Personal information
- Full name: Dušan Kosić
- Date of birth: 23 April 1971 (age 55)
- Place of birth: Ljubljana, SR Slovenia, Yugoslavia
- Height: 1.82 m (6 ft 0 in)
- Position: Midfielder

Team information
- Current team: Lokomotiv Plovdiv (head coach)

Senior career*
- Years: Team / Apps / (Gls)
- 1991–1992: Svoboda / 38 / (16)
- 1992–1993: Elan / 30 / (8)
- 1993–1994: Beltinci / 35 / (5)
- 1994–1995: Vevče / 18 / (6)
- 1995–1996: Olimpija / 21 / (3)
- 1996–1997: Korotan Prevalje / 33 / (4)
- 1997–1998: Rudar Velenje / 33 / (2)
- 1998–2005: Olimpija / 213 / (36)
- 2005–2009: ATUS Ferlach / 99 / (15)
- Total:  / 520 / (95)

International career
- 1992–1994: Slovenia / 5 / (0)

Managerial career
- 2006–2009: ATUS Ferlach
- 2010–2011: Olimpija Ljubljana
- 2013: Triglav Kranj
- 2013–2017: Slovenia U16/U17
- 2017–2020: Celje
- 2021–2023: Tabor Sežana
- 2023–2024: Domžale
- 2024–: Lokomotiv Plovdiv

= Dušan Kosič =

Slovenian footballer and manager (born 1971)
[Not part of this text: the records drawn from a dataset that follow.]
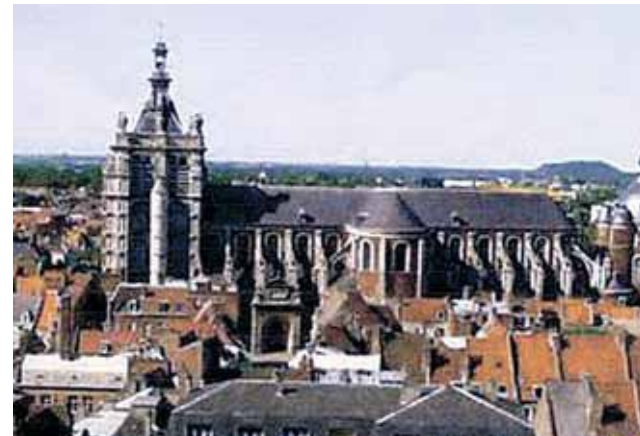
Fachada externa de la iglesia de San Pedro en Douai
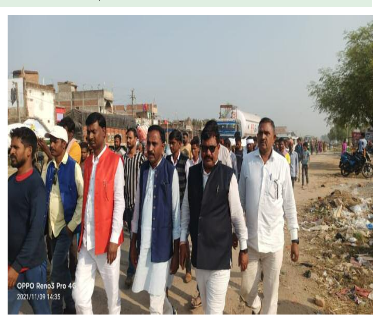
अंतिम यात्रा में शामिल लोग
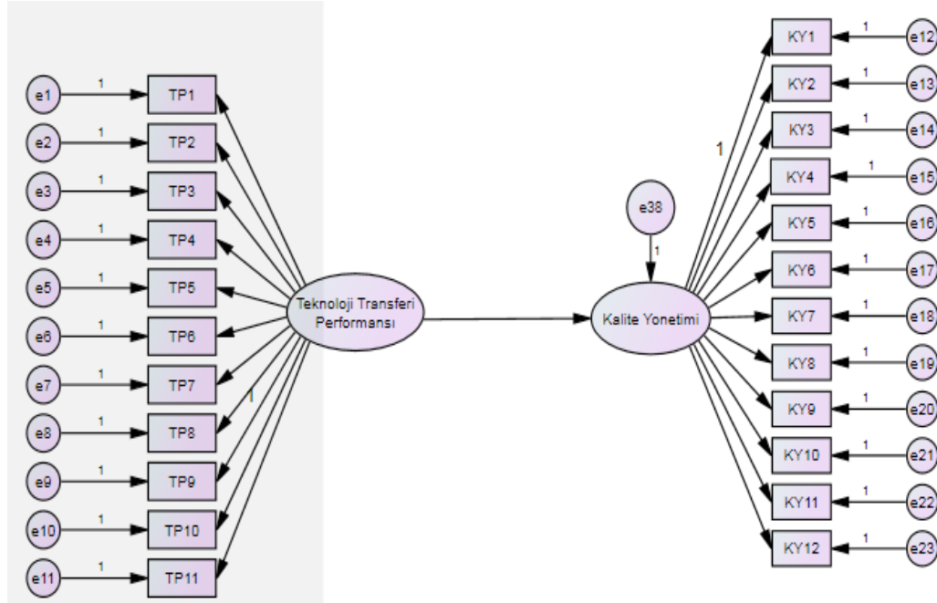
Şekil 2. Yapısal model ve ölçüm modelinin yer aldığı yol diyagramı.

Araştırmanın modelindeki değişkenlere ait yapısal model ve ölçüm modelinin yer aldığı yol diyagramları Şekil 2'de gösterilmiştir.
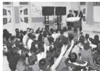
▲港クイズに答える拓勇小学校の皆さん
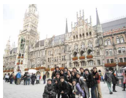
2017年 / ドイツ
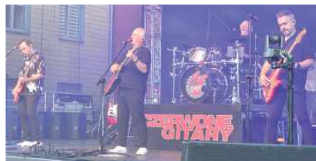
Czerwone Gitary dały czadu

Dušan Kosič (born 23 April 1971) is a Slovenian professional football manager and former player who is the manager of Bulgarian club Lokomotiv Plovdiv.

==Club career==
Kosič is the third-most capped player in the Slovenian PrvaLiga with 421 appearances and had the most appearances for Olimpija (234), winning three Slovenian Cups and one Slovenian Supercup with the club. He also won the cup with Rudar Velenje in 1998.

==International career==
Kosič made his debut for Slovenia on 18 November 1992 away against Cyprus, coming on as an 80th-minute substitute for Zlatko Zahovič, and earned a total of five caps until his final appearance in 1994.

==Managerial career==
Between 2006 and 2017, Kosič managed ATUS Ferlach, Olimpija Ljubljana, Triglav Kranj, and the Slovenia under-17 national team.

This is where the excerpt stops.